━━━━━ Data extract ━━━━━

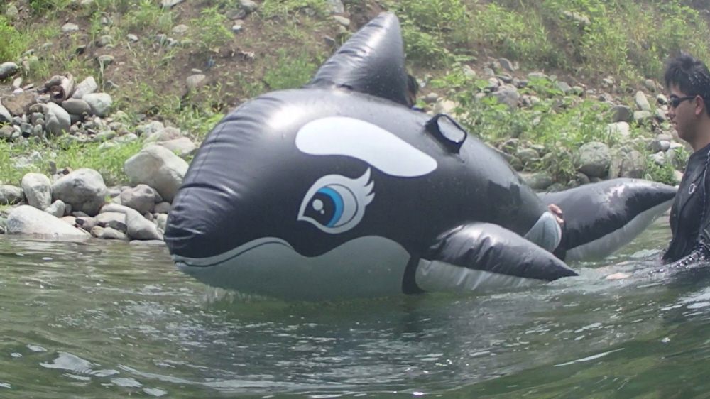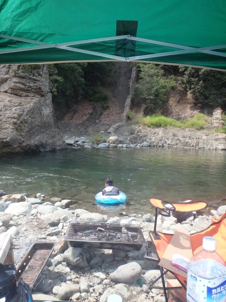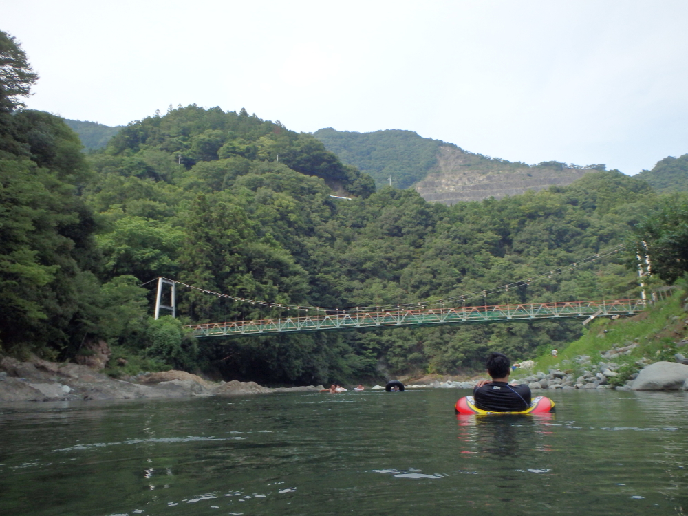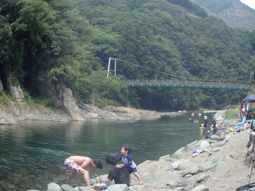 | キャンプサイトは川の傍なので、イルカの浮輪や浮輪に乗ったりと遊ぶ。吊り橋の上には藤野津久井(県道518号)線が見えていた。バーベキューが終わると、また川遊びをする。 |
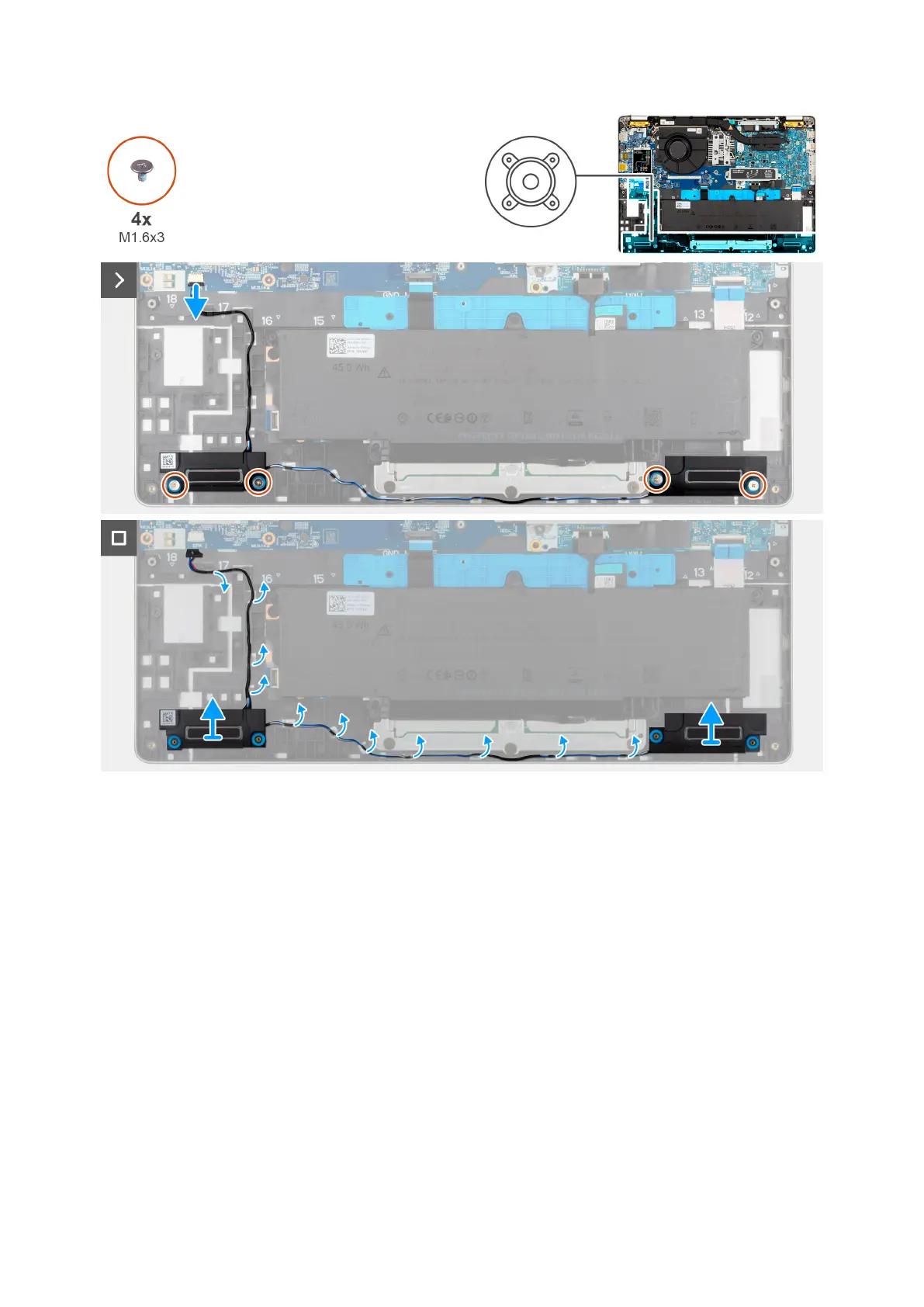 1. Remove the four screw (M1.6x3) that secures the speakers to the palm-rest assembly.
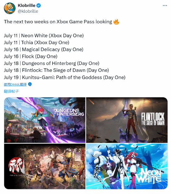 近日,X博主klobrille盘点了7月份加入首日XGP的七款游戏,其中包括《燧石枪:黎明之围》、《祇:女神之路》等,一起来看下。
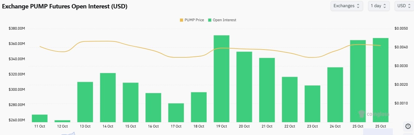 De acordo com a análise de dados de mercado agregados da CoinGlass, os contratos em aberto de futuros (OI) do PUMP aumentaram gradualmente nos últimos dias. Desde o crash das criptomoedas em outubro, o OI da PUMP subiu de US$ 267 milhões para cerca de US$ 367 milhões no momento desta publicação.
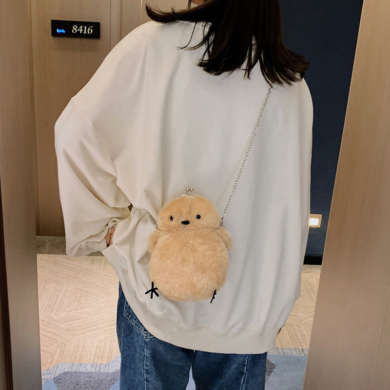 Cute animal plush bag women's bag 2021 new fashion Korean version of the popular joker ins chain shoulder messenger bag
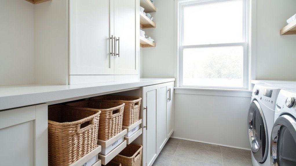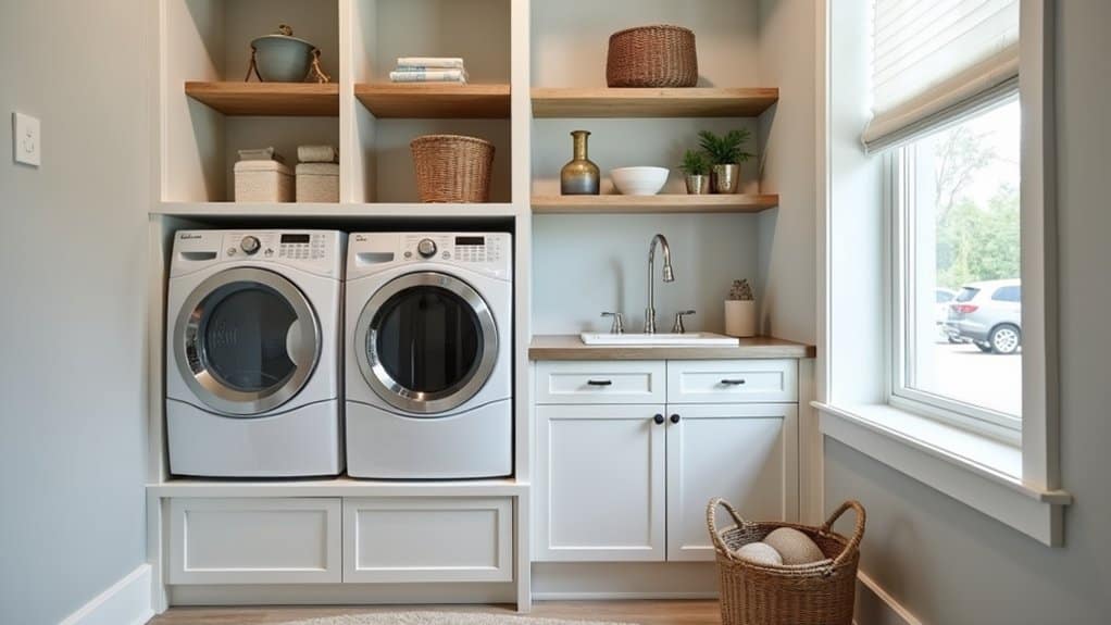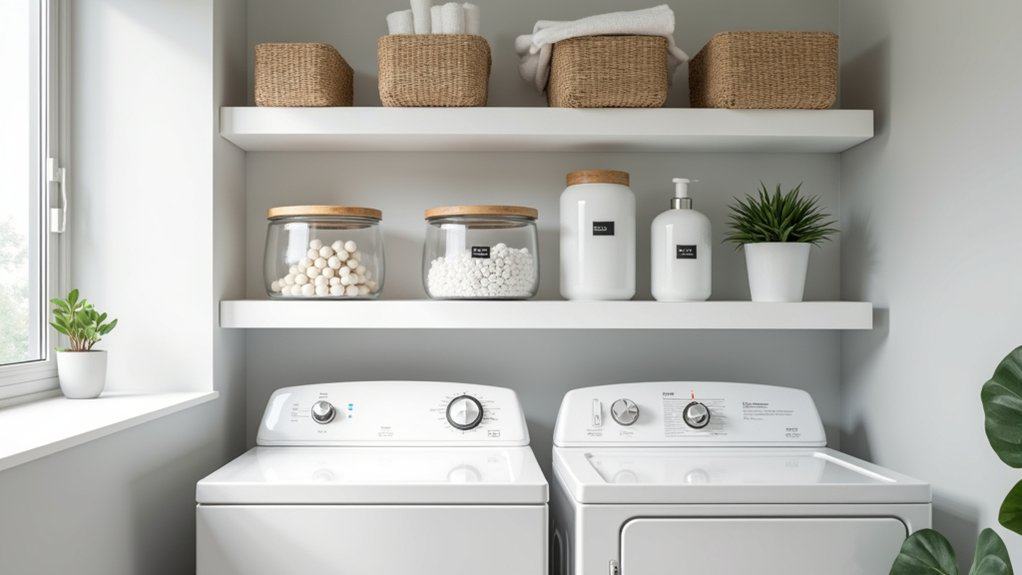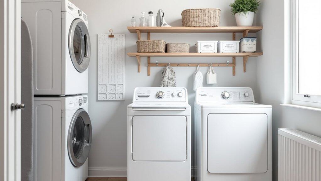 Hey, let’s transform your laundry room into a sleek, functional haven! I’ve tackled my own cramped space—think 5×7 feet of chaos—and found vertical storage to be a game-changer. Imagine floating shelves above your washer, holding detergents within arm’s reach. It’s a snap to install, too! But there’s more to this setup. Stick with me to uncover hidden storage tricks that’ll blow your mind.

━━━━━

Required action
Starting with the line that contains "1. Remove the" and finishing with the line that contains "De acordo com", reproduce every line of the material above exactly, but not the pictures.

Output of the task
 1. Remove the four screw (M1.6x3) that secures the speakers to the palm-rest assembly.
 近日,X博主klobrille盘点了7月份加入首日XGP的七款游戏,其中包括《燧石枪:黎明之围》、《祇:女神之路》等,一起来看下。
 De acordo com a análise de dados de mercado agregados da CoinGlass, os contratos em aberto de futuros (OI) do PUMP aumentaram gradualmente nos últimos dias. Desde o crash das criptomoedas em outubro, o OI da PUMP subiu de US$ 267 milhões para cerca de US$ 367 milhões no momento desta publicação.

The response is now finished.